Segment Start: SUPPLIED MATERIAL

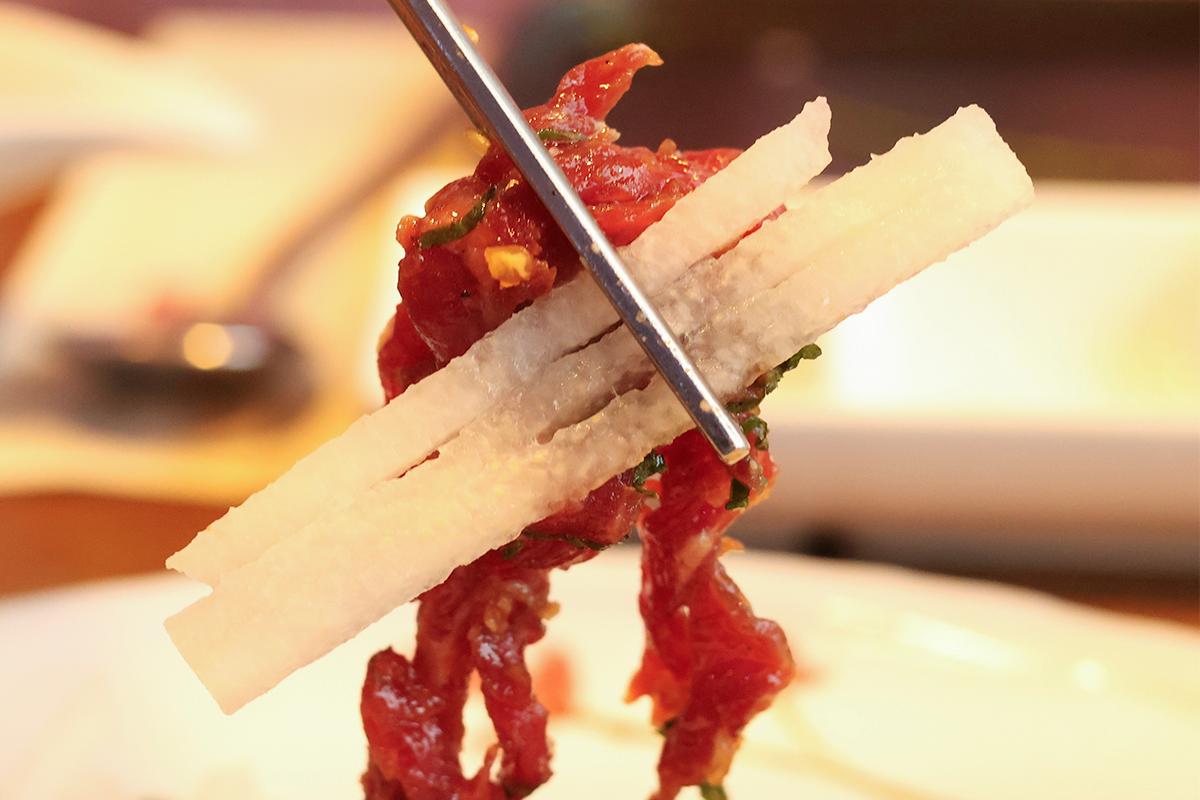Би махыг шараад, канджи (юхве) идсэн. Өдөр тутам хэрэглэдэг хоолын хувьд махны чанар чухал бөгөөд, Бо Реум Сэ нь хамгийн өндөр чанартай Жэжү хар махыг ашигладаг, энэ нь шинэ бөгөөд сайхан бүтэцтэй. Нохой (жамц) жимстэй хамт идэхэд, энэ нь чихэрлэг амт болон хрустящ бүтэцтэйгээс илүү амттай болдог.
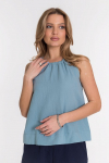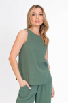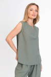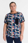 Женская футболка выполнена из кулирки, 100% хлопок. Вырез горловины фигурный, низ рукавов и карманы с контрастной отделкой.
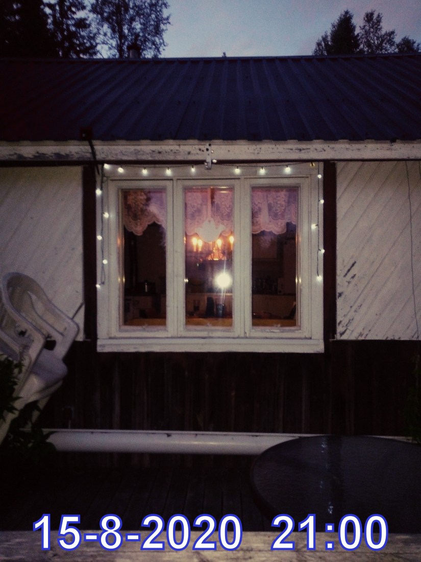 Jag hade med en liten ljusslinga solcelldriven som jag satte upp runt fönstret,såg riktigt fint ut.

Segment End: SUPPLIED MATERIAL

**PROBLEM DETAILS**
Write out exactly the lines from the one that contains "Женская футболка выполнена" through the last line of the data above, both included. Leave every picture out.

**SOLUTION TO THIS EXERCISE**
 Женская футболка выполнена из кулирки, 100% хлопок. Вырез горловины фигурный, низ рукавов и карманы с контрастной отделкой.
 Jag hade med en liten ljusslinga solcelldriven som jag satte upp runt fönstret,såg riktigt fint ut.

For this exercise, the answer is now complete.